Multiple scale: Climate governance takes place and has policies enacted across diverse levels and spaces at each scale of governance. This includes supranational, national, regional and local scales. The interaction between these arenas raises important questions about where the power and authority for governing climate change lie. Traditional interpretations of "top down" authority do not necessarily apply in the realm of climate governance which exhibits a far more complex landscape. Local initiatives can be networked horizontally, for example the C40, while some national interests feed back into international agreements. Multi actor: The fragmented and blurred roles of state and non-state actors raises ambiguities concerning their relative roles in the realm of climate governance. Non-state actors play critical roles in shaping the positions adopted by national governments in relation to international climate agreements, for example the UNFCCC and the Kyoto Protocol. These actors include scientific, business, lobbyists and community actors. Until the late 1990s, their influence was considered to be "latent", existing outside common governance arenas. More recently, that role has been reassessed as private actors offer new sites and mechanisms that seek to address climate change. Embedded: The involvement of non-state actors in climate governance is partly a reflection upon the deeply embedded social and economic nature of many of the processes that lead to Greenhouse Gas (GHG) emissions. The difficulties in addressing climate change are compounded by the complex range of processes that involve GHG emissions across the planet at all scales. Furthermore, decisions reached in other domains, including trade, energy security and employment inevitably impact on the efforts of climate governance to address anthropogenic climate change.

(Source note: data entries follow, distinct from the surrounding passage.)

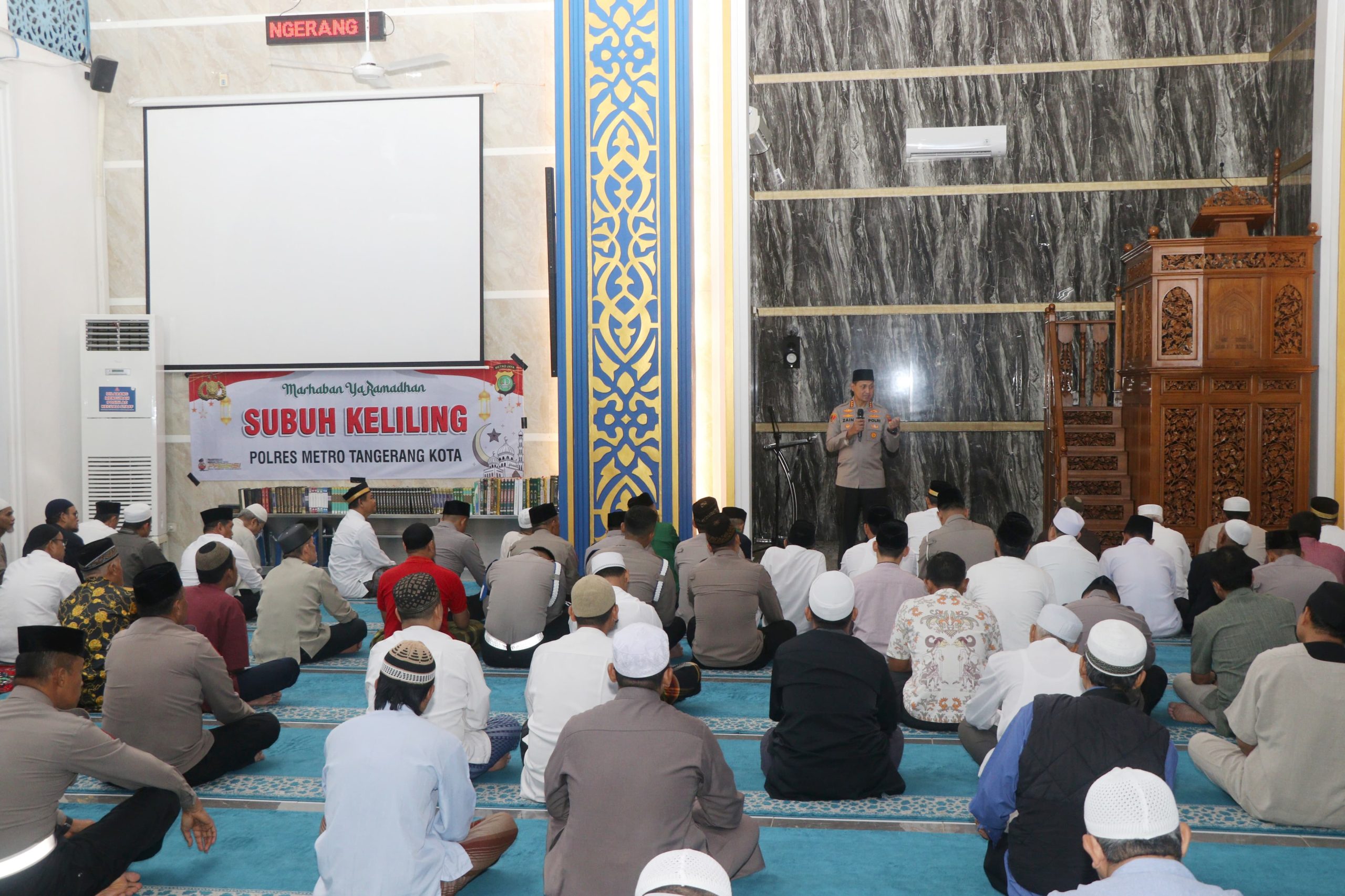 Kabupaten Tangerang | Antero.co – Kapolres Metro Tangerang Kota, Kombes Pol Zain Dwi Nugroho melaksanakan safari Ramadhan 1446 Hijriah/2025 Masehi melalui kegiatan Subuh Keliling (Suling) di Masjid Rahmatan Lil’Alamin di Perumahan Modern Land Jalan Taman Golf Boulevard Raya, Kelurahan Buaran Indah, Kecamatan Tangerang. Senin (10/3/2025).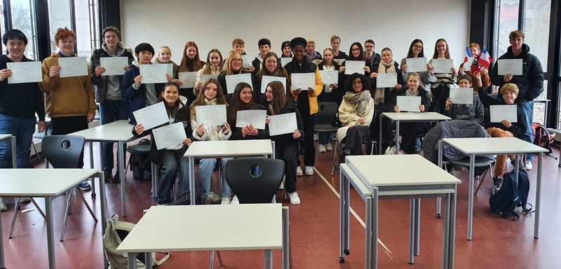 Das außergewöhnlich lange Warten auf die Erfolgsbescheinigungen schmälerte letztlich keine Freude: Heute wurde 42 Schülerinnen und Schülern des SMG die erfolgreiche Prüfungsteilnahme am internationalem Sprachdiplom DELF (Diplôme d'Etudes en Langue Française) durch eine Urkunde attestiert!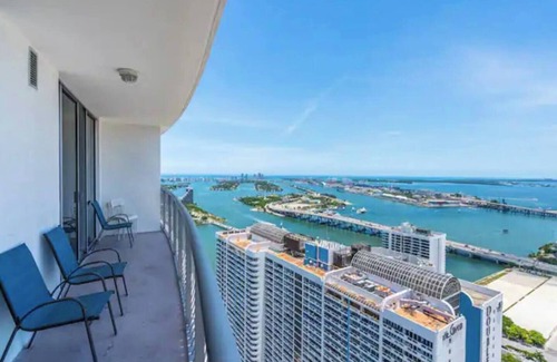 Experience Miami from the 53rd floor in this fully furnished 1-bedroom apartment with breathtaking views of Biscayne Bay and the city skyline. Designed for both comfort and productivity, this high-rise retreat is ideal for business travelers, digital nomads, and vacationers who want the perfect balance of work and leisure.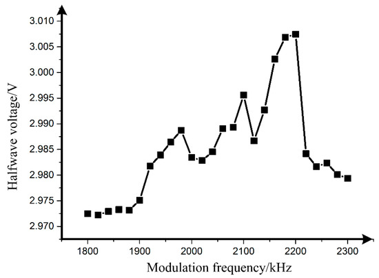 In the measurement, the amplitude of the modulation sinusoidal wave is fixed at 1 V, and the scanning frequency range is 1.8 MHz to 2.3 MHz. As can be seen from Figure 4, the halfwave voltage of the MIOC is about 3.007 V when the modulation frequency ranges from 2.18 MHz to 2.2 MHz, while it is about 2.973 V at 1.9 MHz and below. Further calculation indicates that the halfwave voltage deviation ratio at 2.18 MHz is 1.14%. The measurement result verifies the existence of the frequency-dependent halfwave voltage.

=== Courts === Scholars have pointed out that courts play an increasingly influential climate governance role. There are five inter-related domains where the potential influence of courts can be discerned: establishing accountability, redefining power relations, remedying vulnerabilities and injustices, increasing the reach and impact of international climate law and applying climate science to adjudicate legal disputes. Due to their innovative work in these domains courts can become planetary climate governance actors. For example, courts contribute to climate governance by empowering interested and affected stakeholders and actors; imposing climate change considerations on political agendas; persuading society of the importance of climate action; interpreting and enforcing the growing body of domestic, regional and international climate laws; adjudicating disputes related to climate-induced injustices. Courts thus enable a broad range of stakeholders to use a state's adjudicatory apparatus to resolve climate-related conflicts.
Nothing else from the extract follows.